A CLB (configurable logic block) tile is where general logic is found in an FPGA. A CLB contains two slices. Each slice contains LUTs, flip flops, arithmetic logic, and routing.

  • To learn about these, search the web and find a version of the “7 Series FPGAs Configurable Logic Block User Guide”. Find this version: “UG474 (v1.8) September 27, 2016” if you can.
  • Work your way through skimming it. Pay particular attention to Fig 1-1 and then Fig 2-4. Fig 2-4 shows what is inside a SLICEL, the most commonly encountered way of forming logic. Using the rest of the document to help you, figure out where the LUTs are and where the flip flops are. You should be able to find 4 LUTs and 8 flip flops in the SLICEL drawing.
  • There are two kinds of MUXes drawn in this figure. One kind has select lines drawn in and are normal MUXes like you have always used. Others have no select lines drawn and therefore no signal which selects among their inputs. How do you think those MUXes are told which input to select? HINT: it is done at configuration time.
  • The LUTs have two outputs (O6 and O5) - you may ignore the O5 output for now and just assume they are 6-input LUTS with their output on O6.
  • Look at the four flip flops down the right side and how they share some key control signals (CK, CE, SR). How do you make them rising edge triggered vs. falling edge triggered? Hint: follow the clock line to the left and look for a funny 2:1 MUX - what is it doing. Note, it is one of those MUXes without a select line - how does the MUX know which of its 2 inputs to select and how does that change the flip flops from rising to falling edge triggered?
  • Note at the bottom there is a CIN signal coming in and a COUT going out the top. These are the carry-in and carry-out signals if this SLICE is configured as a 4-bit adder or counter. The circuitry consisting of MUXes and XOR gates between these two signals is called the CARRY4 or CY4 block. Look elsewhere in the document and learn how this carry logic block works.
  • Print out a few copies of Fig 2-4. On one, draw in how you would create a 6-input logic function and nothing else in the SLICE. Where would the inputs come in? Where would the output come out of the slice? What routing MUXes (if any) would have to be configured to get the output routed from the output of the LUT to a slice output pin?
  • Repeat this but run the logic function output signal through a flip flop before exiting the slice.
  • Draw on a copy of the figure to show how you could use the SLICE simply as a register. That is, inputs come in from outside but no logic is done on them and they run directly into flip flops. What inputs would they need to come in on?
    • Show how to do it using one of the rightmost flip flops.
    • Now, show how to do it a different way using one of the flip flops toward the center of the diagram.
    • For each case, how would the various routing MUXes need to be programmed to accomplish this.

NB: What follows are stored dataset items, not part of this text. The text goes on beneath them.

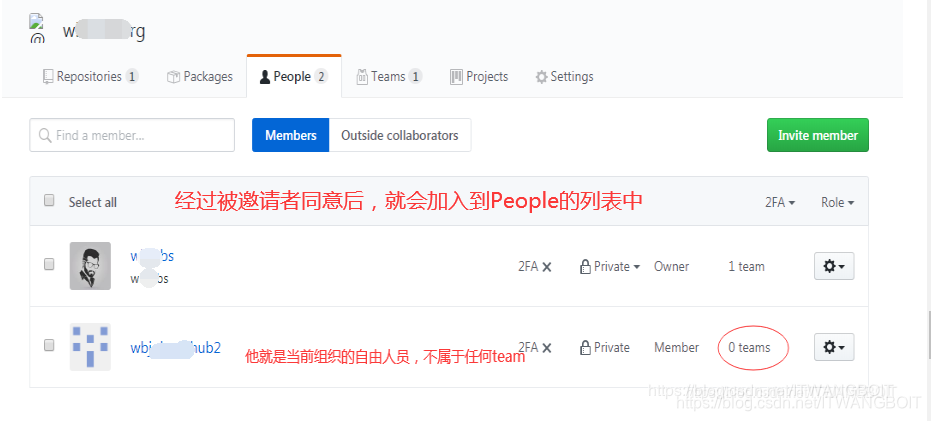 如果不勾选团队,则被邀请者作为组织内的自由人员加入组织。下图的第二个成员就是组织内的自由人员,不属于任何Team。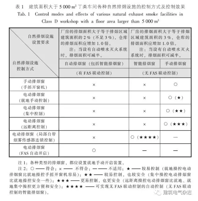為方便理解和分析,下面以建筑面積大于5000m2丁類車間應設排煙設施(以自然排煙設施)舉例,將設置自動排煙窗、智能排煙窗和手動排煙窗后的相關內容,列表進行說明,如表1所示。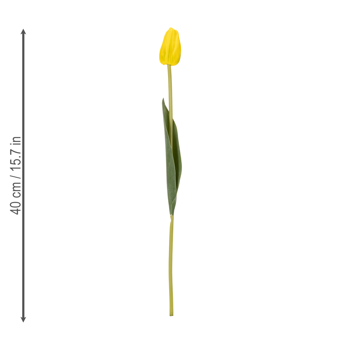 Die sieben leuchtend gelben Tulpen wirken durch ihre realistische Anmutung nahezu täuschend echt. Sie sind aus hochwertigem Polyester gefertigt, wodurch die sanften Farbverläufe der Blütenblätter wunderbar zur Geltung kommen, und mit robustem Kunststoff stabil verarbeitet. Mit einer Länge von 40 cm bieten sie optimale Flexibilität für verschiedenste Dekorationen: Egal, ob sie in einer hohen schmalen Vase arrangiert werden oder locker als Kombinationspartner in einem Frühlingsgesteck Platz finden – sie ergänzen jeden Stil perfekt. Besonders in modern eingerichteten Räumen oder im skandinavischen Design wirken die klaren, kräftigen Farben erstaunlich harmonisch.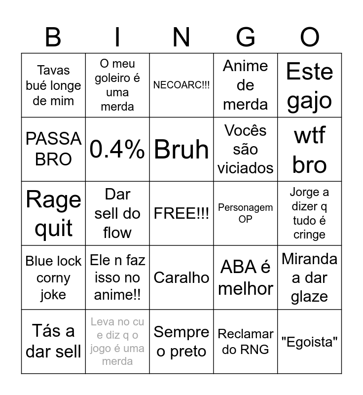 This bingo card has a free space and 24 words: Ele n faz isso no anime!!, Leva no cu e diz q o jogo é uma merda, Bruh, Tás a dar sell, Este gajo, Tavas bué longe de mim, PASSA BRO, O meu goleiro é uma merda, Personagem OP, Caralho, Vocês são viciados, Rage quit, ABA é melhor, Miranda a dar glaze, 0.4%, Reclamar do RNG, Jorge a dizer q tudo é cringe, NECOARC!!!, wtf bro, Dar sell do flow, "Egoista", Blue lock corny joke, Anime de merda and Sempre o preto.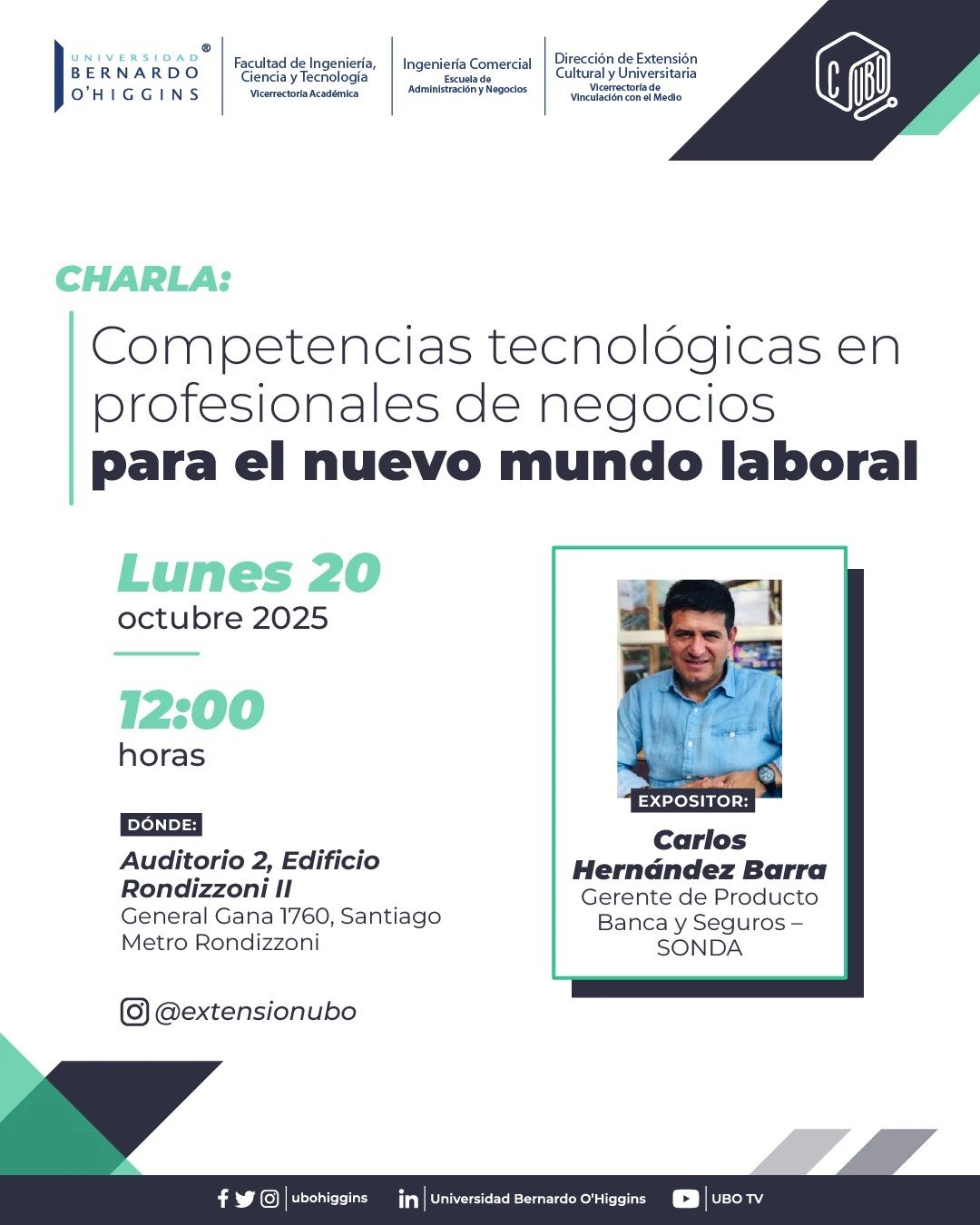 La Facultad de Ingeniería, Ciencia y Tecnología, a través de la Escuela de Ingeniería Comercial y la Dirección de Extensión Cultural y Universitaria de la Universidad Bernardo O’Higgins, invitan a participar en la charla “Competencias tecnológicas en profesionales de negocios para el nuevo mundo laboral”.

Finally, open up Vivado, load a project for one of your previous designs, and open the implemented design. Zoom into the device view and find a CLB and some slices. Clicking on the little wiring icon above the device view will turn on wiring and show you how your design was configured into the slices. It will show the routing muxes and how the signals are configured through them. As with the Vivado Tcl self-paced activity, click on things and explore until you better understand how Vivado presents the internals of CLBs and SLICEs to you and how that relates to what you see in the documentation you have just reviewed above.

Distributed RAM in SLICEM’s

  • First turn to Figure 2-3 to see that a SLICEM is close to, but not exactly the same as a SLICEL.
  • Read the section titled “Distributed RAM” for an introduction to how to make small memories in a SLICEM.
  • If you are struggling with what they mean by “ports” and the like, a review of Chapter 19 of the 220 textbook might help.
  • Note that distributed RAM (or LUTRAM as it is sometimes called) results in non-registered outputs (like the register file of the 220 textbook).
    • How do they suggest you convert the outputs to synchronous outputs?
  • Pay attention to the variations you can create in terms of sizes and numbers of ports. The 4 LUTs in a SLICEM are not totally independent as far as creating LUTRAMs is concerned. Note that you always have to use the D LUT since that is how writing is done. But, after that you need not use all of the A, B, and C LUTs.
  • Since distributed RAM is available only in SLICEM’s, go find out how many SLICEL’s and how many SLICEM’s are in a typical device. Hint: the tile names reflect whether they contain two SLICEL’s or one SLICEL and one SLICEM - you ought to be able to write about 4 lines of Tcl code to see how many of each type of CLB tile is in a device to see how many of each there are. Given that, just how much memory can you implement using distributed memory (LUTRAMs) in a typical FPGA?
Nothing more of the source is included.